When Cambodian prime minister Hun Sen, a former field commander of the Khmer Rouge, staged a coup in 1997 and took power, however, Chhun established the Cambodian Freedom Fighters to unseat Sen.

The group staged a November 2000 attack on government buildings in Cambodia's capital, nicknamed "Operation Volcano," which Chhun organized from Thailand.

Several rebels and one innocent bystander were killed in the attack before the government sent in tanks to quell the uprising.

The government of Cambodia later issued an Interpol warrant for Chhun's arrest.

He was convicted in U.S. courts in 2008 of conspiring to overthrow the Cambodian government, and sentenced to life without parole.

In upholding that conviction Tuesday, a three-judge panel of the 9th Circuit noted that "it is not absurd for Congress to want to prevent people within the borders of the United States from plotting to commit murder in a foreign country."

Chhun argued that he intended to arrest not kill Hun Sen, and that he planned Operation Volcano to minimize casualties.

Evidence entered at trial, however, showed that Chhun had the "intent to murder," according to the 26-page opinion.

In a letter, Chhun wrote supporters that his enemies "are luck[]y to survive at this moment, but however they can not escape from our volcano. We have to send them to ... hell in the near future," the court found.

Chhun also sent a handwritten military plan that instructed rebels to "look for surviving enem[ies] very carefully... [and] take prisoners or shoot to kill on the spot."

Therefore, "there was sufficient evidence in the record to allow the jury to conclude that Chhun had the intent to murder his enemies when he conspired to overthrow Hun Sen," Judge Carlos Bea wrote for the court.

Even though diplomatic relations between the U.S. and Cambodia were "distant and tense" after Sen's coup, "no case has held that the United States can cease to be 'at peace' with another nation with the complete absence of some kind of military operation," of either an overt or covert nature, the court found.

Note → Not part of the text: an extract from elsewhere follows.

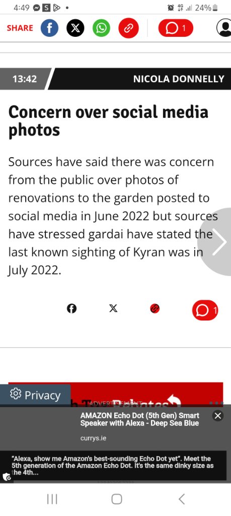The only speculation I can see on SM and the public domain is about kyrans mother and grandmother and i feel in their case its a fair judgement for people to opine. as of their guilt in either neglect, cover up or murder .An Garda Síochána says its is aware of ongoing extensive public commentary on this investigation, including speculation, rumours and theories on what may have happened to Kyran, most of which is inaccurate and misinformed. An Garda Síochána says such ill-informed public commentary is not only disruptive to the Garda investigations but also adds to the trauma experienced by victims families.

Bea also upheld Chhun's life sentence.

"The sentencing court also explained that illegal conduct will not be shielded from punishment just because it is 'noble,'" Bea wrote. "The court rejected Chhun's pleas for leniency because he caused the deaths of innocent people. These reasoned justifications for sentencing Chhun to life in prison show that the sentence was not substantively unreasonable."